- Born: 18 October 1895 Paris, France
- Died: 27 January 1920 (aged 24)
- Allegiance: France
- Branch: Aviation
- Rank: Caporal
- Unit: Escadrille C56 Escadrille C46 Escadrille Spa97
- Awards: Médaille militaire, Croix de Guerre

= Louis Honore Martin =

French flying ace

Caporal Louis Honore Martin was a French World War I flying ace credited with six aerial victories.

==Early life==

Louis Honore Martin was born in Paris, supposedly on 18 October 1895. He was the son of a customs agent. As he was too young for military service when the First World War began, he fibbed about his age, changing his birth year from 1896 to 1895.

==Military service==

Martin entered military service in the latter part of 1915, qualifying as a first mechanic on 11 August. Transferred out of Escadrille C56, he went to serve as a machine gunner in Escadrille C46 of the French Armée de l'Air beginning 18 July 1916. Martin joined a Caudron aircrew whose other members were Jean Loste and Pierre Barbou. Martin scored six aerial victories, starting 27 July 1916 and ending 26 January 1917. On 27 November 1917, he was ordered to pilot's training.

Martin overcame lingering health problems to qualify as a pilot on 12 April 1918. A promotion to Caporal accompanied this achievement. He would be posted to Escadrille Spa97 on 22 October 1918. He went back on medical care ten days later, apparently ending the war in hospital.

==Postwar==

Louis Honore Martin died on 27 January 1920 of his chronic health problems.

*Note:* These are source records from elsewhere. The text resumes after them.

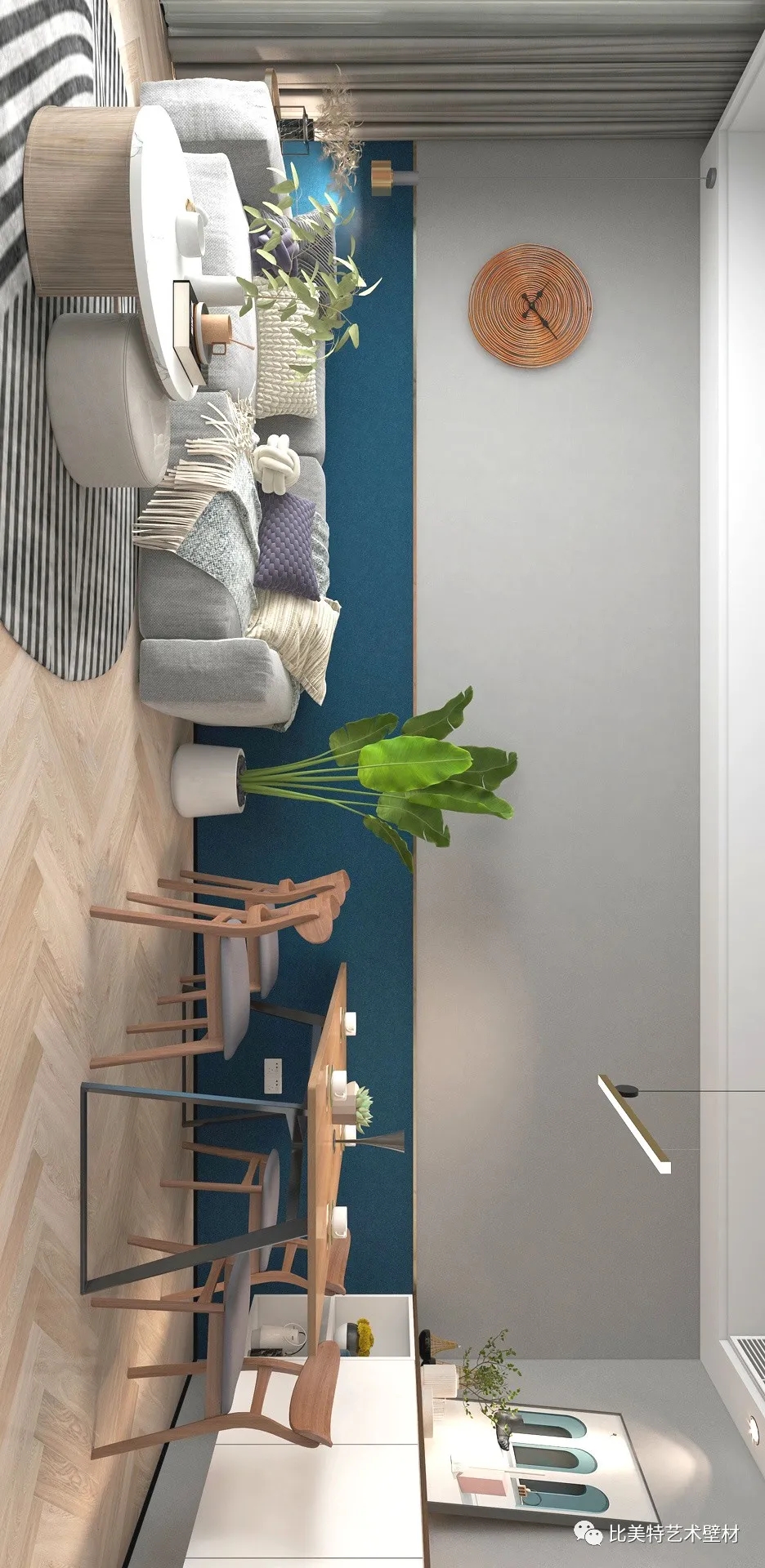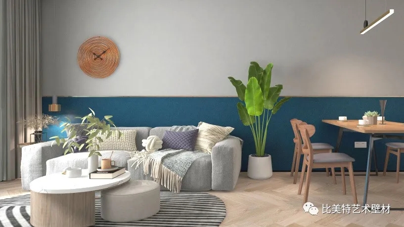客厅沙发背景墙选用克瑞斯的浅灰色与深蓝色进行拼色,轻奢含蓄的磨砂纹理在灯光的照射下,闪耀着点点光泽,浅灰与深蓝的搭配给人一种清新自然的感觉。绿植的放置也给空间增添生机活力,体现北欧风对自然生态的追求。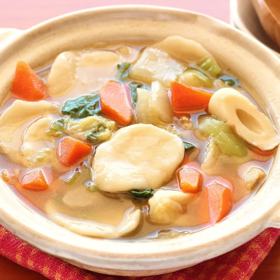 小麦粉を使った生地を平らな団子状にして、野菜や肉と煮たソウルフード。「だご」は熊本弁で団子のこと!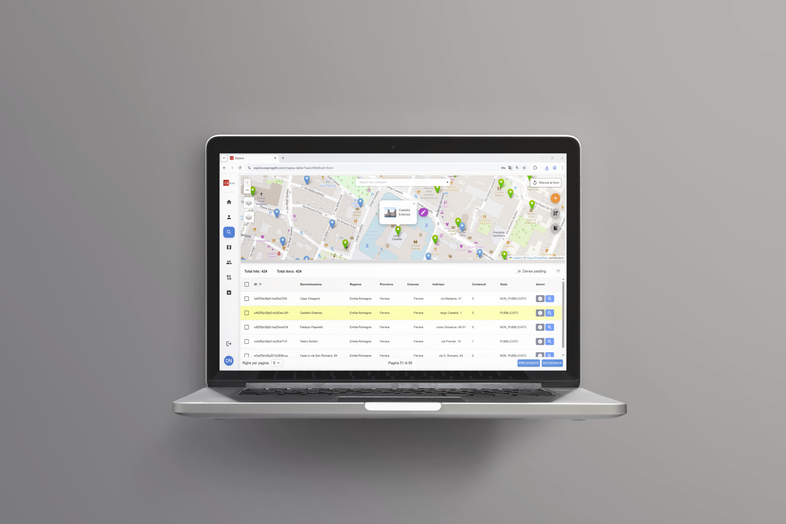 I tracciati record di ESplora non seguono gli standard catalografici ICCD, tipici delle piattaforme di tipo museale o archivistico, ma sono stati appositamente progettati con un criterio diverso: privilegiare le performance e al tempo stesso garantire una gestione efficace dei contenuti in modalità multilingua, requisito fondamentale per la fruizione internazionale del sistema.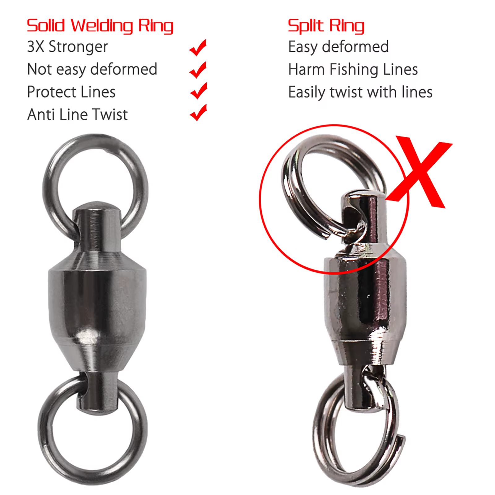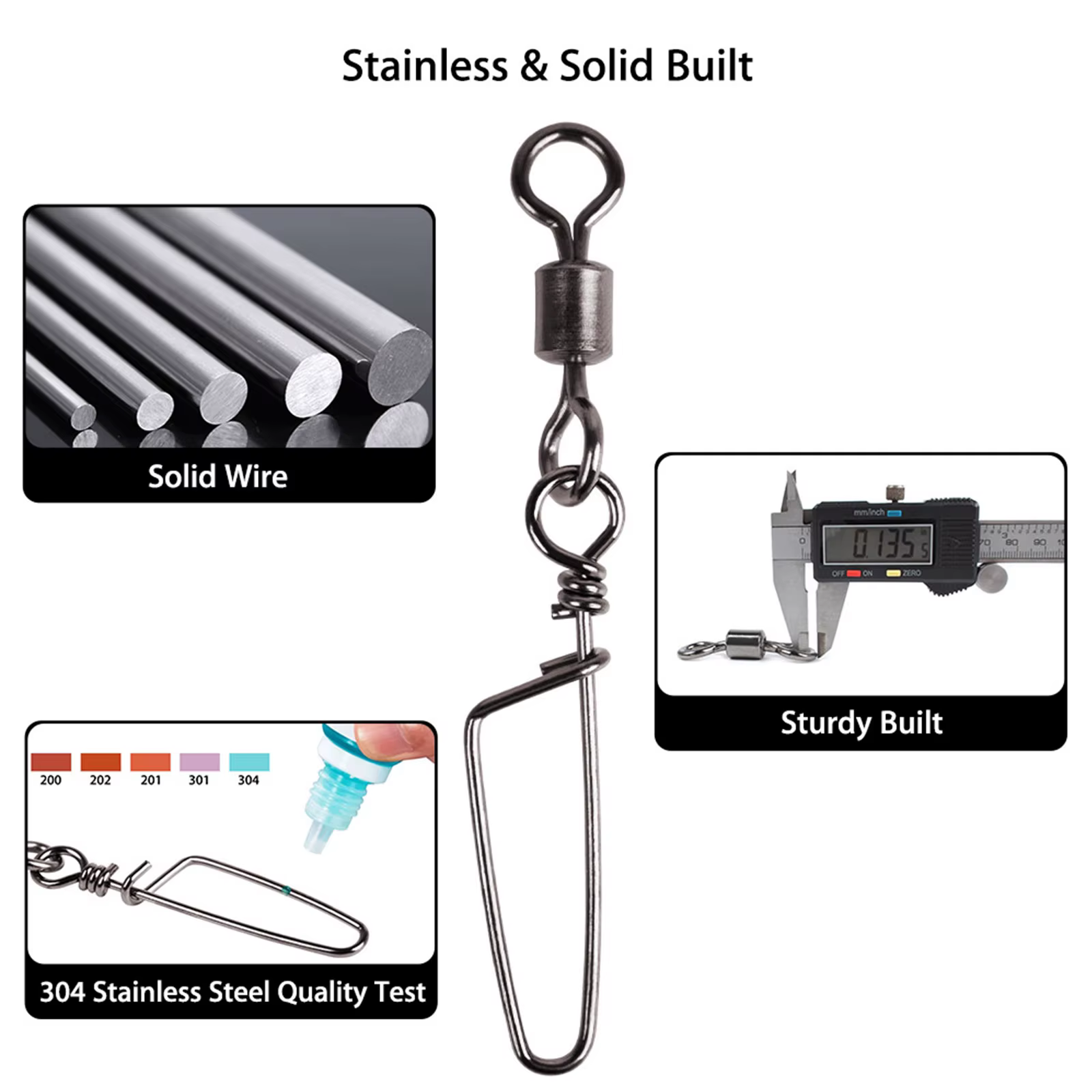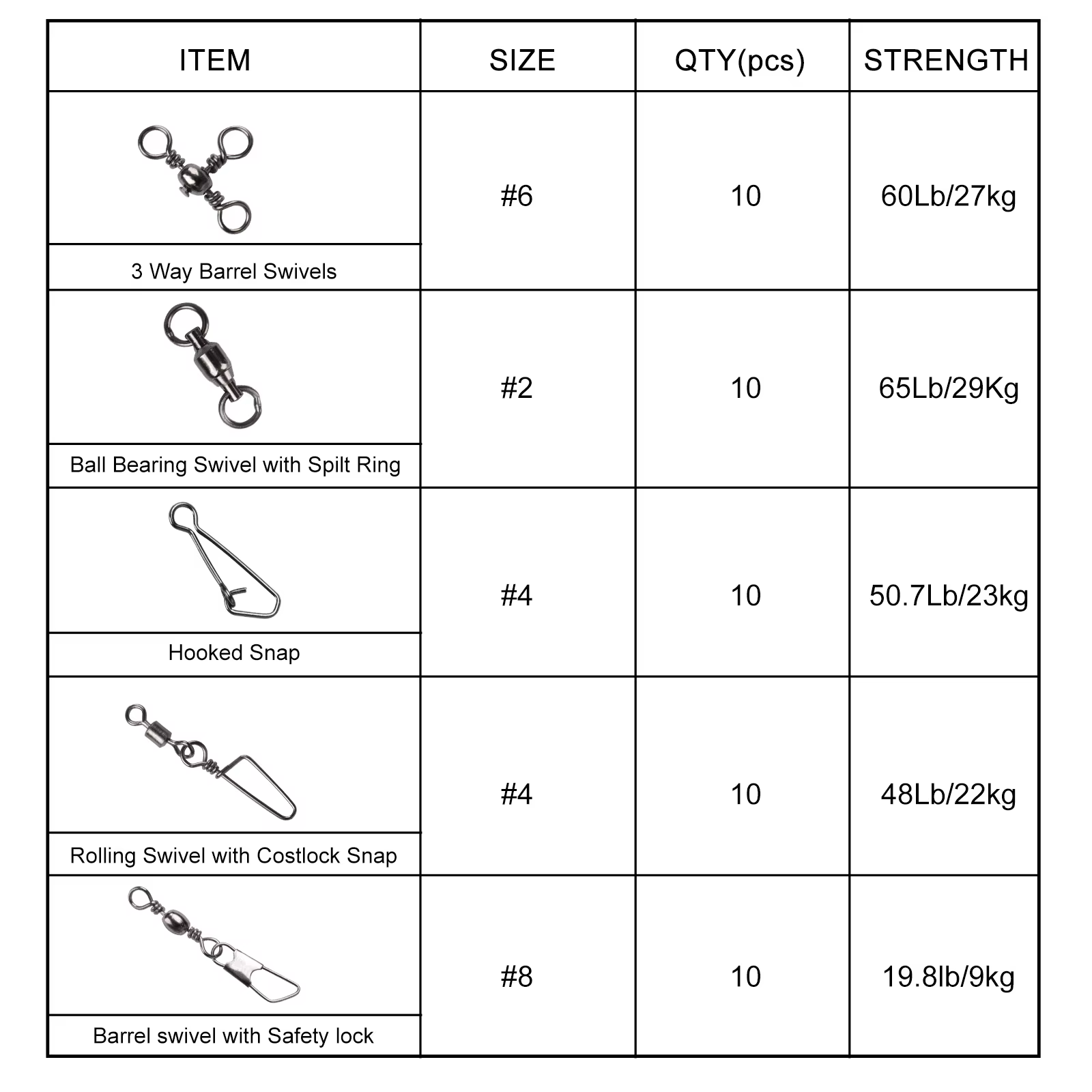 Juego de giratorios de pesca:Barril giratorio de 3 Vías + rodamiento de bolas giratorio con anillo derramado + broche enganchado + giratorio rodante con Costlock Snap + barril giratorio con bloqueo de seguridad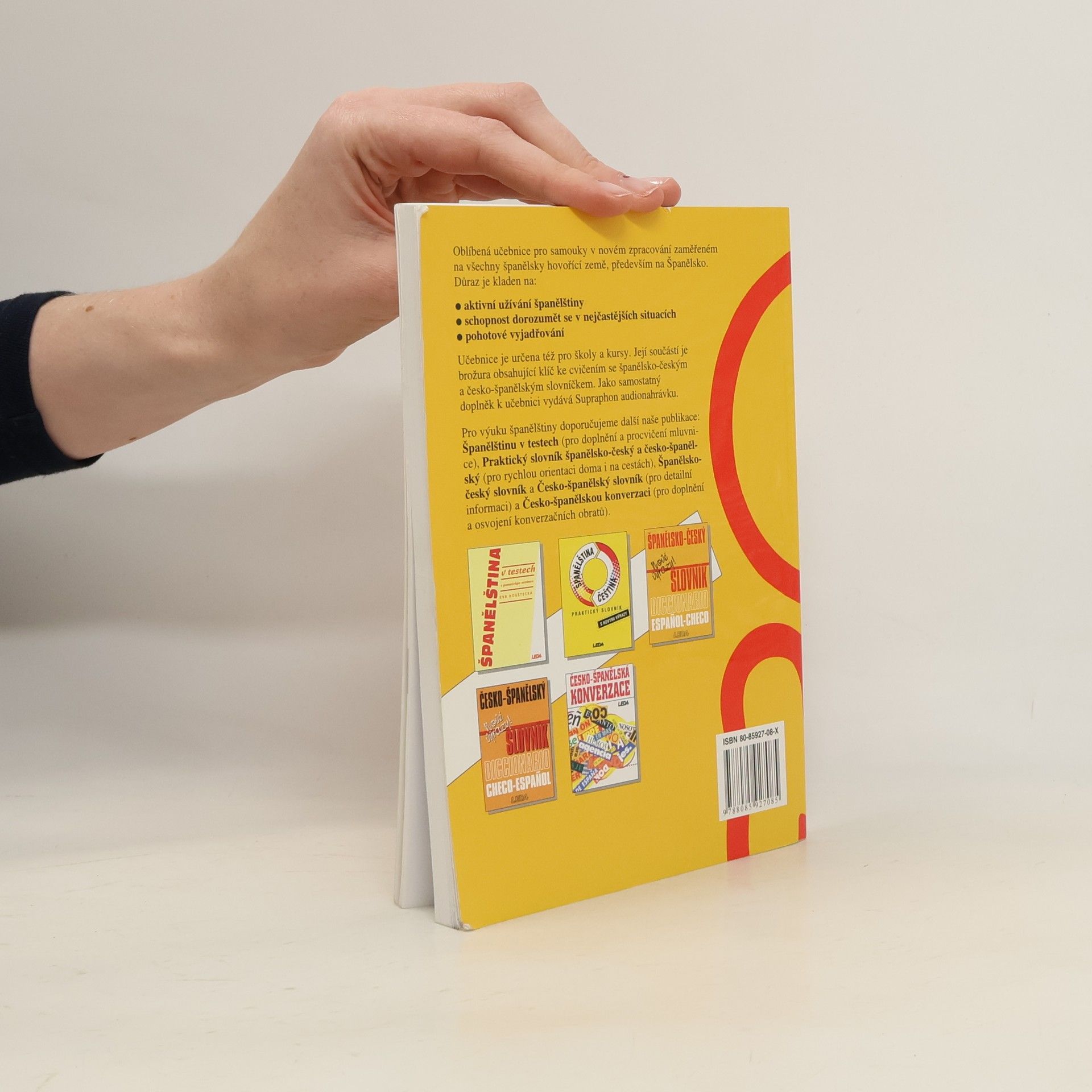 Oblíbená učebnice pro samouky v novém zpracování zaměřené na všechny španělsky hovořící země, především na Španělsko. Důraz je kladen na: . aktivní užívání španělštiny . schopnost dorozumět se v nejčastějších situacích . pohotové vyjadřování Učebnice je určena též pro školy a kursy. Její součástí je brožura obsahující klíč ke cvičením (119 s.) se španělsko-českým a česko-španělským slovníčkem. Jako samostatný doplněk k učebnici vydává Supraphon audionahrávku.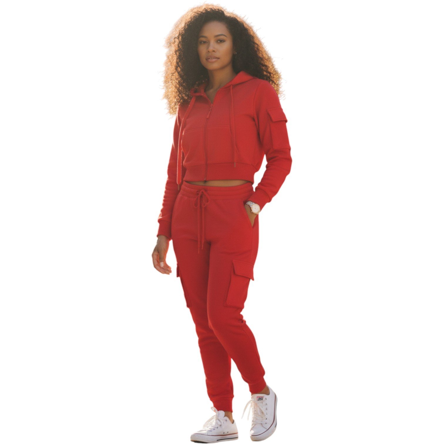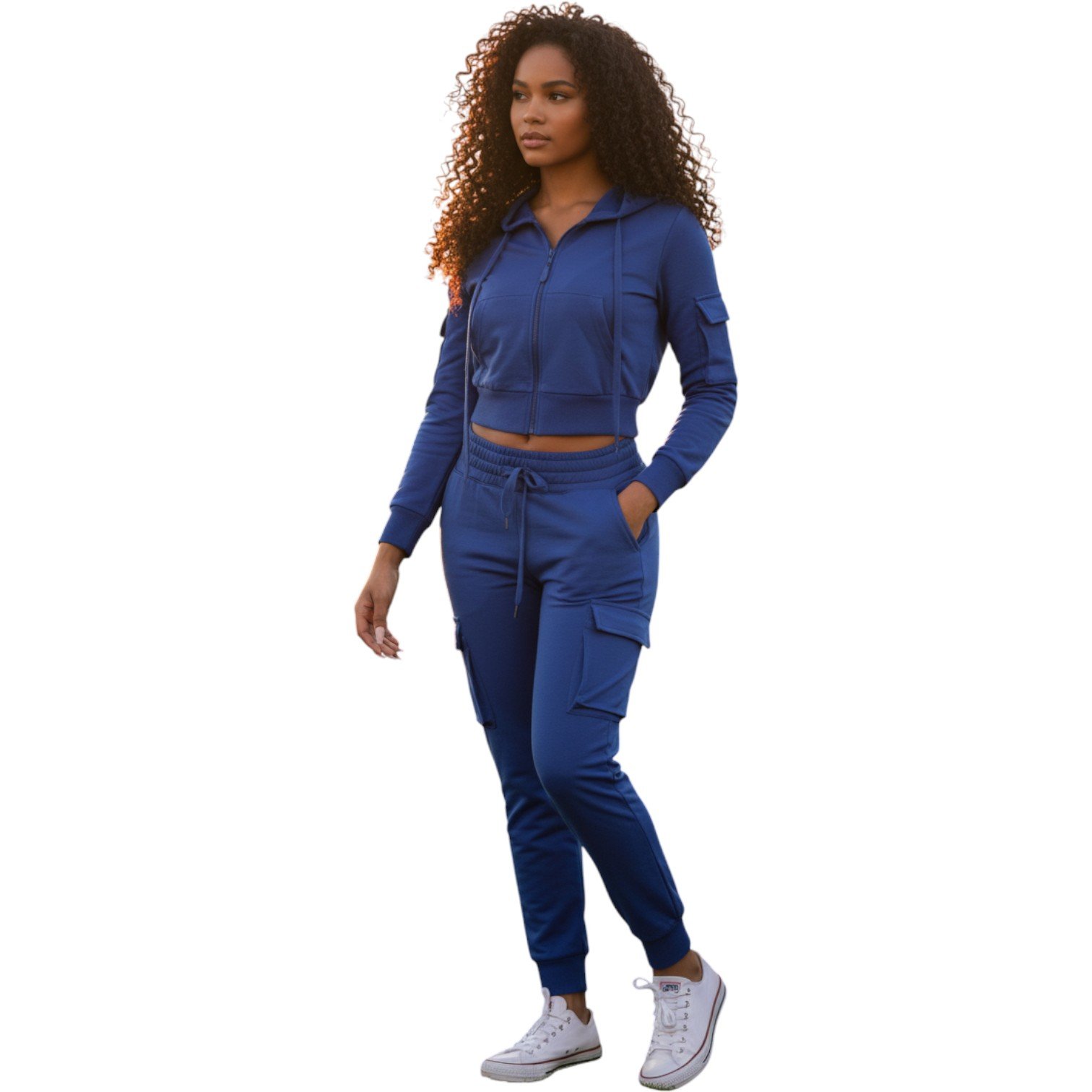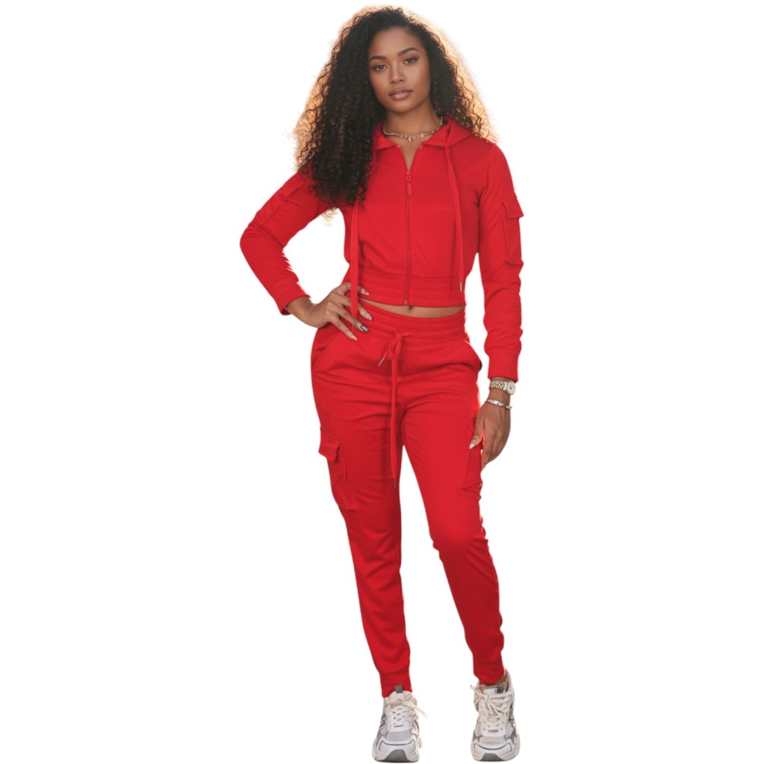 Elevate your everyday style with our Women’s Luxe Zip-Up Tracksuit Set, designed for comfort, confidence, and versatility. Featuring a cropped zip-up hoodie paired with high-waist cargo joggers, this set delivers a flattering fit with a sporty edge.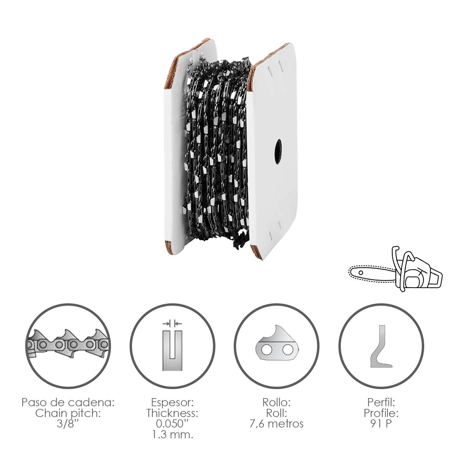 Cadena Motosierra 3/8″ / 0.050″ 1,3 mm. / 91 P / Rollo 7,6 metros.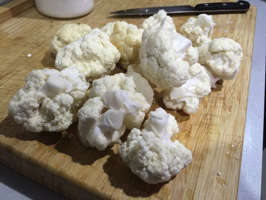 2.Cortamos la coliflor en trozos. Para cocer la coliflor adecuadamente, lo ideal es cortarla en varios trozos, en 6 o 8 trozos.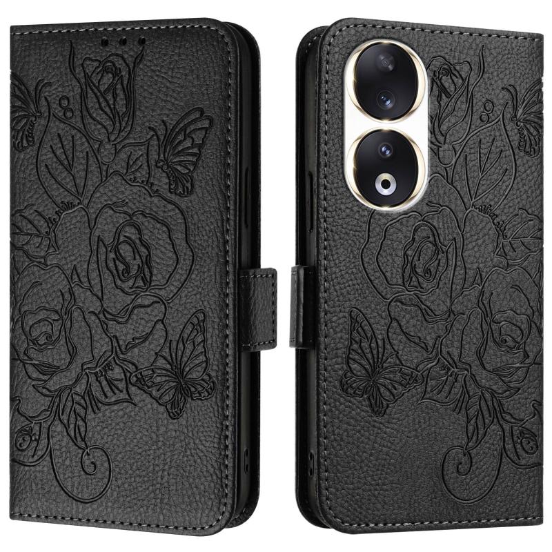 For Honor 90 5G Embossed Rose RFID Anti-theft Leather Phone Case(Black)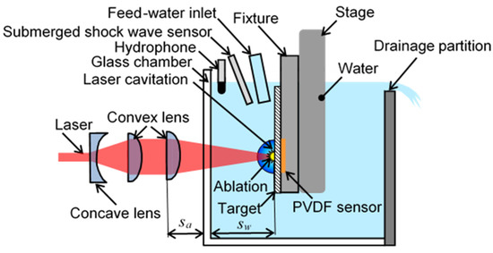 In order to illustrate laser cavitation peening systems, Figure 5 shows a schematic diagram of a laser cavitation peening test section. A target was placed in a water-filled glass chamber. A pulsed laser from a laser source was expanded using a concave lens, then focused on the target surface using a convex lens(es) to avoid damage to the glass of the chamber. The standoff distances in air sa and water sw were optimized by measuring the peening intensity with sa and sw. During conventional submerged laser peening, the second harmonic of an Nd:YAG laser, i.e., a wavelength of 532 nm, is used in order to avoid absorption in the water [5]. However, from the point of view of the generation of cavitation bubbles, the fundamental harmonic, i.e., 1064 nm, is more beneficial, since the heat is more concentrated; researchers who have investigated cavitation bubbles using pulsed lasers have used Nd:YAG lasers [38]. A total of 40% of the pulse energy at 1064 nm is lost to obtain 532 nm during wavelength conversion. It was reported that the laser cavitation induced by a 1064 nm pulsed laser introduced compressive residual stress into hard metals such as alloy tool steel, when the standoff distance in water was optimized [39]. Recently, a portable submerged laser peening system using a pulsed laser with a wavelength of 1064 nm was developed [40]. In order to measure the pressure and/or impact caused by the laser ablation and laser cavitation collapse, a submerged shockwave sensor, a hydrophone, and a PVDF sensor were used. As the cavitation impact energy can be obtained using an AE sensor and/or a laser Doppler vibrometer [41], these can be useful for measuring and/or monitoring the peening intensity of laser cavitation peening. During submerged laser peening, peening with and without a sacrificial overlay can be carried out. In both cases, as a number of small particles are produced during laser ablation, feeding with water is required to remove contamination. We discuss water quality later in this paper. Thus, the fundamental harmonic, i.e., a wavelength of 1064 nm, was used to generate laser cavitation during the additional experiment.

==Awards and decorations==

- Médaille militaire
"Machine-gunner of exceptional skill and courage. He has had multiple aerial combats during the course of which he succeeded in downing four enemy planes. In the last one, on 1 November 1916, he descended to within 150 meters of the ground to down a German plane in flames, in its own territory; having had one motor damaged, he had to recross the lines at low altitude, returning with his plane riddled by bullets." Médaille militaire citation, 24 November 1916

- Croix de guerre with five palmes and an etoile.

==Bibliography==
- Franks, Norman and Frank Bailey (2008). Over The Front: The Complete Record of the Fighter Aces and Units of the United States and French Air Services, 1914-1918 . Grub Street Publishing. ISBN 0948817542 ISBN 978-0948817540
- Guttman, Jon and Harry Dempsey (2015). Reconnaissance and Bomber Aces of World War 1 (Aircraft of the Aces). Osprey Publishing. ISBN 1782008012, ISBN 978-1782008019 (Note: Both Kindle and paperback editions were utilized.)